According to Bloomberg, Lyft lost $US127 million in the first half of 2015 on $US46.7 million in revenue. Additionally, in the same time period, the company spent $US96.1 million on marketing expenses, paying out big bonuses to drivers and doling out discounts to customers.

One disclosure in the financial documents, a fundraising presentation put together by investment bank Credit Suisse, reads: “The company has a history of losses and is not projected to be profitable in the foreseeable future.” The numbers in the presentation were not audited, Bloomberg reports.

That’s not totally surprising, and it certainly doesn’t mean the company is in any grave danger. Many tech companies that raise a lot of money aren’t profitable, and some even go public while they’re still in the red. Just look at Amazon.

And Lyft is also still learning how to estimate its growth, according to documents obtained by Bloomberg. The company missed the revenue projections it made earlier this year:

For instance, the company predicted in February that it would facilitate 7.4 million rides in July, bring in revenue of $US25 million, and lose $US14 million. It reported about half as many rides as expected, missed revenue projections by a third, and lost almost two and half times more than forecast.

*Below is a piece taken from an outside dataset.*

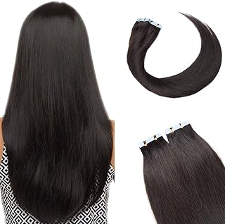 SEGO Tape In Remy Hair Extension Adhesive Cheveux Naturel - 50 CM 01#Noir Foncé [2.5g X 10 Pièces] - Vrai Cheveux a Froid Invisible Bande Adhésif
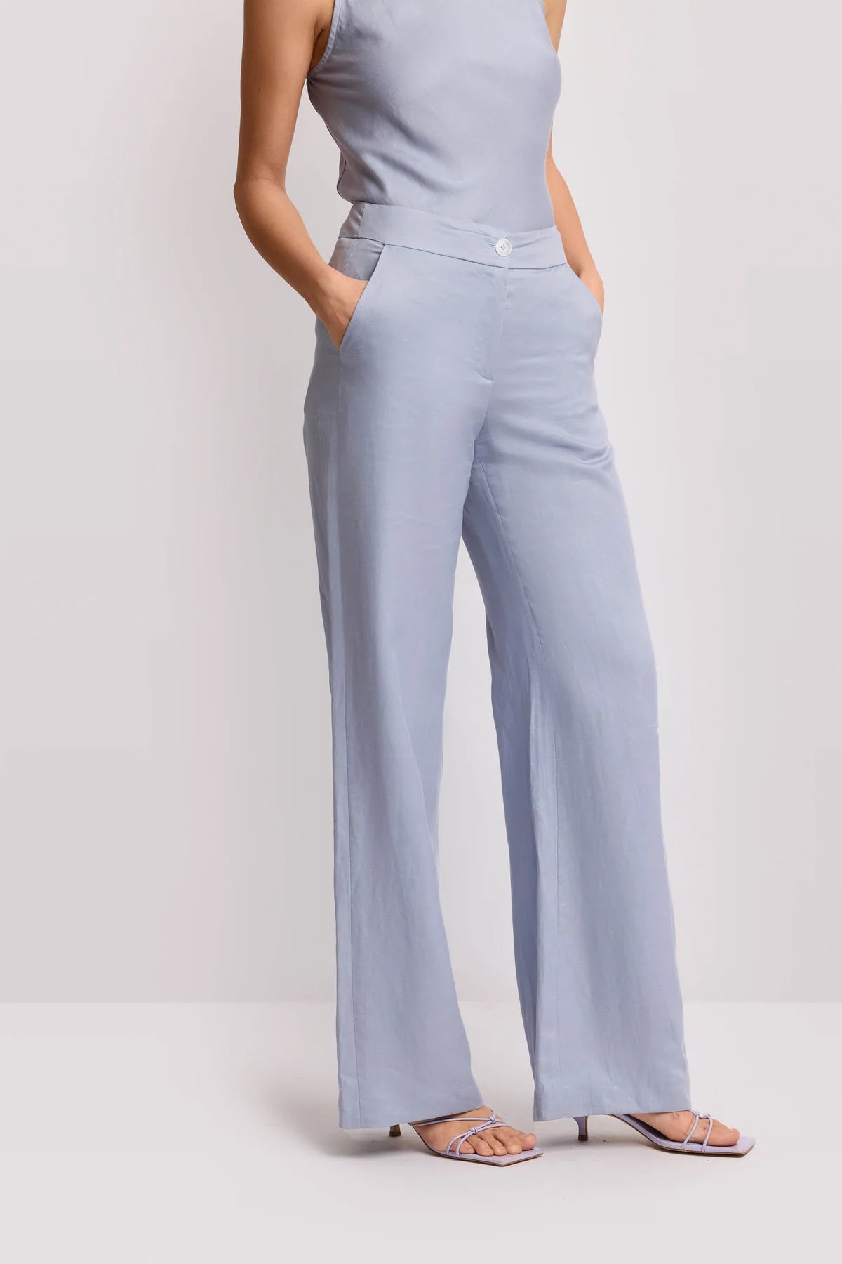 - Pantaloni wide leg della capsule Pure Verve con vita alta, chiusura a gancetto nascosto e zip laterale per un design pulito e sofisticato

Uber, by comparison, generated $US415 million in revenue last year and lost $US470 million, according to Bloomberg.

Both Uber and Lyft are currently said to be in the fundraising process: a new report from the New York Times says Lyft is looking to raise $US500 million in funding at a $US4 billion valuation. That’s almost double Lyft’s current $US2.5 billion valuation. And Uber is said to be closing yet another $US1 billion round of funding that would value the company as high as $US60 or $US70 billion.

On Tuesday, Lyft announced it expects to reach $US1 billion in annualized gross revenue in a year’s time. In October, Lyft made $US83 million off of 7 million rides, which is how the company calculated the $US1 billion revenue run rate.

Earlier this year, Lyft and China Uber rival Didi Kuaidi announced a strategic global partnership. The alliance, which goes into effect early next year, lets you pay in your native currency on each app to avoid having to pay for your Didi or Lyft ride in a foreign currency, depending on where you live. So if you’re an American visiting China, you can open the Lyft app to pay for and order a Didi, and then Lyft will give whatever money it made from your ride to Didi.

Lyft and Didi are also reportedly in talks to expand their alliance with other Asian ride-hailing companies: India’s Ola and Singapore’s GrabTaxi.

We’ve reached out to Lyft for comment on the financial documents and will update when we hear back.